Bayes Rules! [book review]

Posted in Books, Kids, Mountains, pictures, R, Running, Statistics, University life with tags , , , , , , , , , , , , , , , , , , , , , , , , , , , , , , , , on July 5, 2022 by xi'an

Bayes Rules! is a new introductory textbook on Applied Bayesian Model(l)ing, written by Alicia Johnson (Macalester College), Miles Ott (Johnson & Johnson), and Mine Dogucu (University of California Irvine). Textbook sent to me by CRC Press for review. It is available (free) online as a website and has a github site, as well as a bayesrule R package. (Which reminds me that both our own book R packages, bayess and mcsm, have gone obsolete on CRAN! And that I should find time to figure out the issue for an upgrading…)

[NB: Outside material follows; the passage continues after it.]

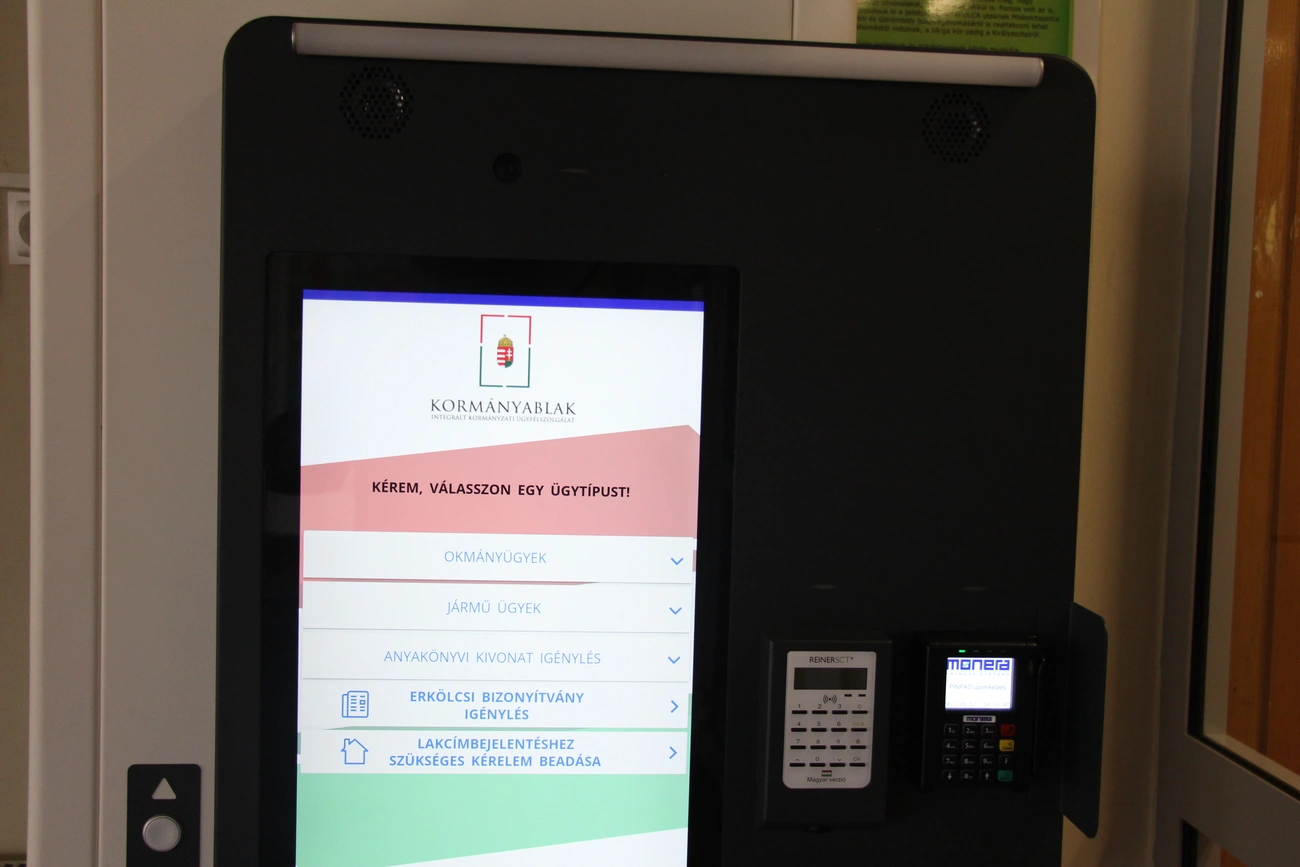 A Mesterséges intelligenciával támogatott ügyintézési pont (KIOSK) telepítése befejeződött, így az intézmény központi épületének szélfogójában egy intelligens gép segítségével könnyedén el lehet intézni az igazgatási ügyeink egy jelentős részét. Nem kell felkeresni a Kormányhivatalt például akkor sem, ha a különböző okmányok érvényességét akarjuk ellenőrizni, vagy születési, házassági anyakönyvi kivonatot, esetleg hatósági erkölcsi bizonyítványt szeretnénk igényelni.

As far as I can tell [from abroad and from only teaching students with a math background], Bayes Rules! seems to be catering to early (US) undergraduate students with very little exposure to mathematical statistics or probability, as it introduces basic probability notions like pmf, joint distribution, and Bayes’ theorem (as well as Greek letters!) and shies away from integration or algebra (a covariance matrix occurs on page 437 with a lot . For instance, the Normal-Normal conjugacy derivation is considered a “mouthful” (page 113). The exposition is somewhat stretched along the 500⁺ pages as a result, imho, which is presumably a feature shared with most textbooks at this level, and, accordingly, the exercises and quizzes are more about intuition and reproducing the contents of the chapter than technical. In fact, I did not spot there a mention of sufficiency, consistency, posterior concentration (almost made on page 113), improper priors, ergodicity, irreducibility, &tc., while other notions are not precisely defined, like ESS, weakly informative (page 234) or vague priors (page 77), prior information—which makes the negative answer to the quiz “All priors are informative”  (page 90) rather confusing—, R-hat, density plot, scaled likelihood, and more.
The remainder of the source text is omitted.